Moments later, we reached the limits of the Robert Y. Pratt Preserve. If, instead of walking up the hill, we’d gone towards the right, we’d have reached the Ebey’s Prairie Trail with access to the Jacob Ebey and the Davis blockhouses as well as the Sunnyside Cemetery. The weather was perfect, with clear skies, so we decided to continue on the Bluff Trail and save the other way for a different day. Looking down from here to the beach below, the hikers looked tiny. And the higher we went, the scarier it became because the hand-rail-less trail reaches 300 feet above the lake below. A fall down the hillside would likely be deadly. If you made it down alive, you’d end up in the drink.

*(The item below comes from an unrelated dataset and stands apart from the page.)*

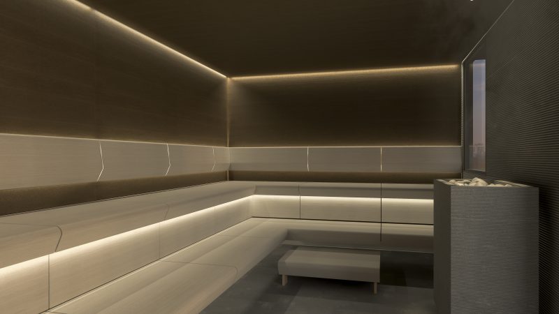 Финские изделия находятся в центре внимания в новом отделении сауны. Вся сауна сделана из коллекции изделий TAIVE. Освещение как для сауны, так и для паровой бани, также от Cariitti, а каменка – от Tulikivi.

We stopped to look back from just above the trail head. Still ascending, we passed farmland. A few minutes later, an older runner carrying an iPod flew towards us along the trail. It didn’t seem so unsafe there to do so there, but further on, it definitely was. We saw several small groups of persons picnicking or just congregating, resting, and enjoying the amazing view. Soon we reached a line of sort of short gnarly-looking Douglas Fir trees, which should not have come as a surprise. The soil was dry and sandy and the trees aren’t protected from wind.
To the west is a spectacular unobstructed view of the Olympic Mountains. To the south, you can watch the ferry that runs between Port Townsend and Coupeville near Admiralty Inlet, the Keystone side. Finally, we got a good view of what looked like a lagoon, but is, in fact, Perego’s Lake. I was hoping to see birds, but, except for a hawk, nada.
Because it was winter, there weren’t many plants in bloom, the one thing was a shrub called Leatherleaf mahonia Mahonia bealei, also known as leatherleaf holly, which is an invasive species. There were many dried up plants that I couldn’t identify at the time but on a later spring visit, I was able to enjoy in bloom and figure out what they were. The trail follows the top of the bluff for the most part until the northernmost end, when it begins to switchback. As we reached the beach, we tried to figure out the limits of Fort Ebey State Park, which lies just to the north, but isn’t accessible from the area of the Bluff Trail. I was relieved to reach the beach, look up, and see others descending. Driftwood, sand, seaweed and rounded rocks were everywhere along the shore line as we headed south towards the start point.
A family walked together along the beach, Dad carrying a log of driftwood long enough to know someone’s block off. Apparently, he’d not read the memo that forbids the collection of driftwood, which helps reduce beach erosion. I kept my distance. I got as close as I could to the lake, hoping to spy a cool creature, but, at least on this day, they were nowhere to be found. After what seemed like an eternity of trying to keep up with my long-striding husband along the rocky shore, we made it back to Hill Road where we were parked. Ninety minutes from when we started, we’d completed the hike. My GPS watch showed the distance as 3-3/4th mile with an elevation gain of 300 feet. During a nearly two mile distance of beach combing, I’d found only four shells, three of them within the first few moments we’d arrived, at the furthermost distance from the water in the sand mere feet from where we’d parked. The forth was from a limpet. The only other cool things I collected (but left, along with the others) were two conglomerate rocks.
This 3.5-ish mile hike is well worth the effort. The compacted trails along the bluff are steep and can be slippery, so beware. In addition, the weather brings out the world. It’s best to visit first thing in the morning and keep track of the tide. During some high tides, you’re forced to hike along the upper beach, which is tougher than the lower beach, so plan accordingly.